*EXERCISE REQUIREMENTS*: Only one stretch of lines is wanted: the line with "校长李迎迎会见乌兹别克斯坦驻华使馆参赞巴体尔·图尔苏诺夫" through the final line of the material. Restate it word for word, minus pictures.

*SUPPLIED MATERIAL*:
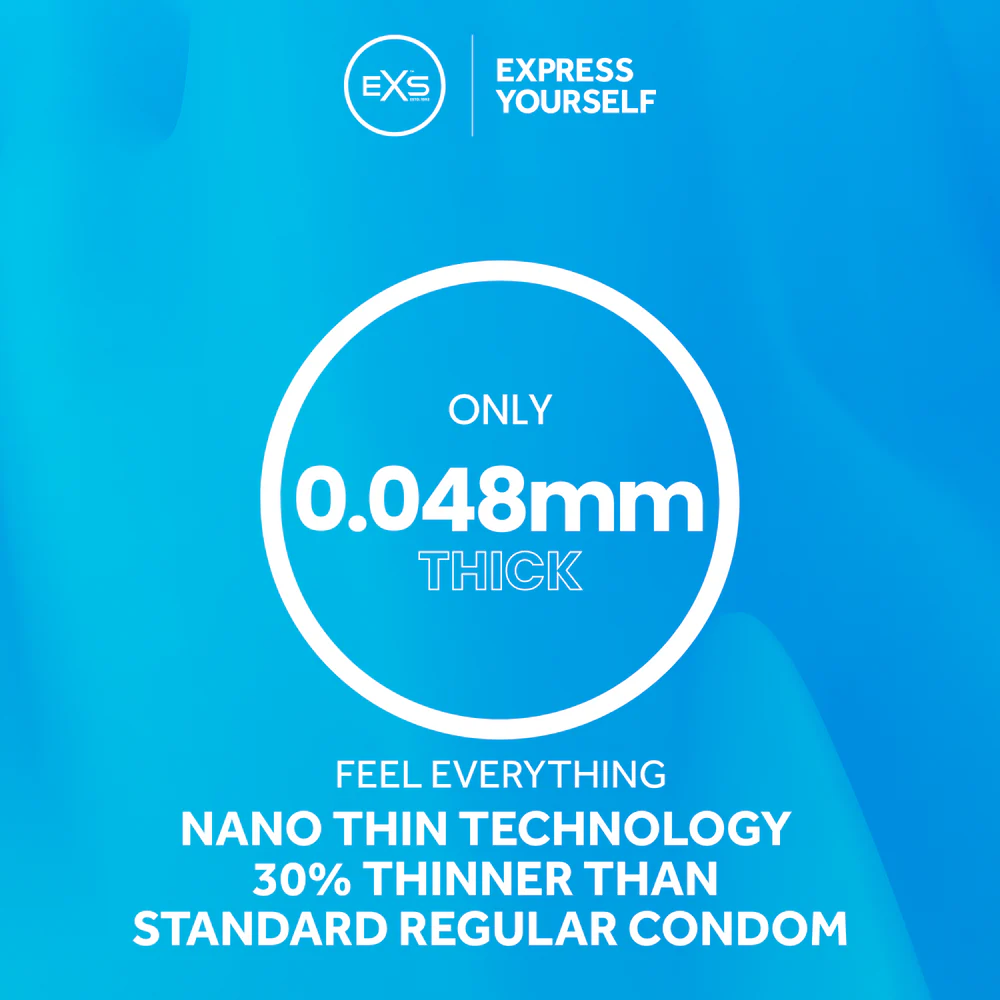 Quantidade: 12 unidades. Enquanto a maioria dos preservativos tẽm pelo menos 0.065 milímetros de espessura, o novo EXS Air Thin revoluciona o mercado com uma espessura de apenas 0,045 milímetros.
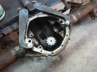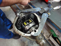 All of our new parts for the rear end were supplied by Gears & Rears. We are using a Detroit Truetrac posi from Eaton, a Quality Gear install kit, National bearings and Quality Gear axles. With our housing gutted it’s time for a steam bath to get it all clean. When assembling a rear end, a shop press is a much better option then a 2x4 and a hammer. Rod used it to  press all of the bearings onto the posi. You want to make sure that everything has the right torque and load applied is something that only a professional has the tools and skills to do.
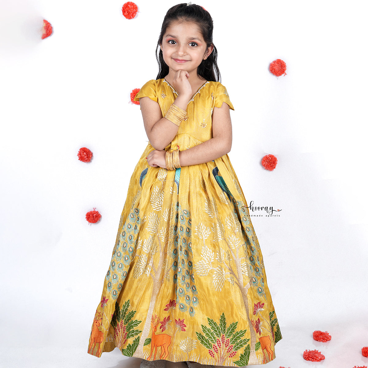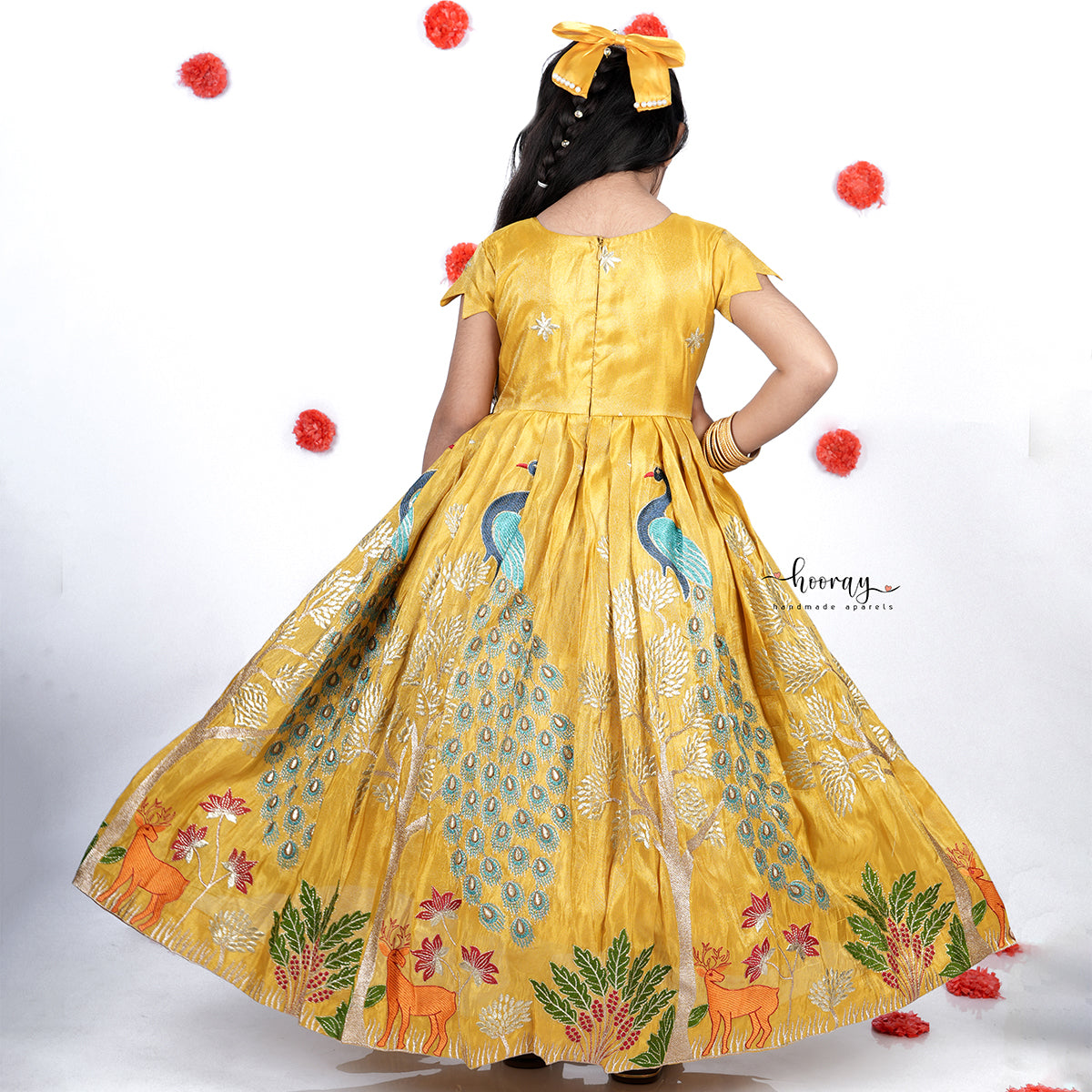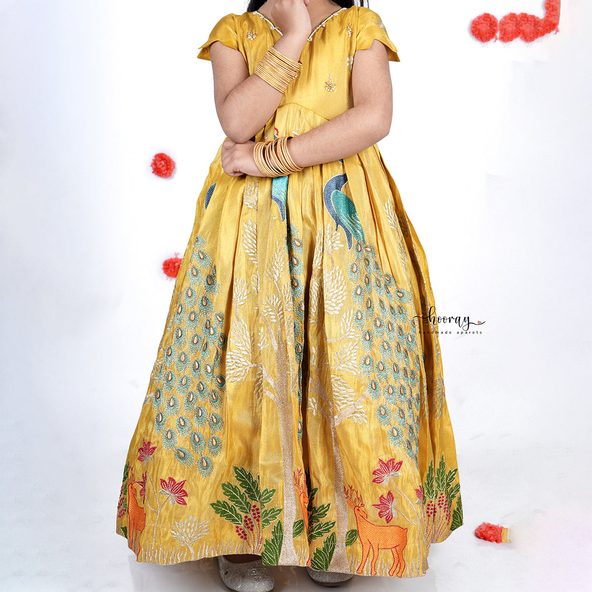 Type of Work: Full Gown with swallop work on Neck line & Embroideried Peacock print on Fabric
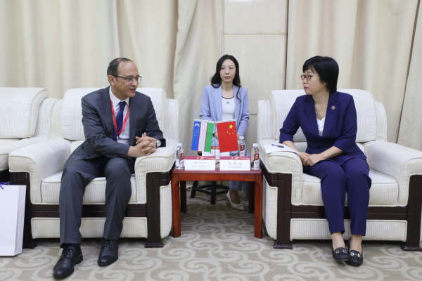 校长李迎迎会见乌兹别克斯坦驻华使馆参赞巴体尔·图尔苏诺夫
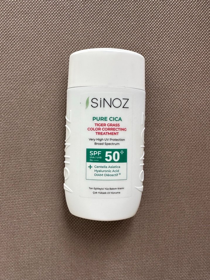 Sinoz Pure Cica, SPF 50 ve geniş spektrumlu UV koruması sunar. Kaplan otu, centella asiatica ve hyaluronik asit içerir, cilt tonunu düzeltir ve nem sağlar. Hiç kullanılmadı ton uyumsuzluğu nedeniyle satıyorum.

*EXERCISE OUTPUT*:
 校长李迎迎会见乌兹别克斯坦驻华使馆参赞巴体尔·图尔苏诺夫
 Sinoz Pure Cica, SPF 50 ve geniş spektrumlu UV koruması sunar. Kaplan otu, centella asiatica ve hyaluronik asit içerir, cilt tonunu düzeltir ve nem sağlar. Hiç kullanılmadı ton uyumsuzluğu nedeniyle satıyorum.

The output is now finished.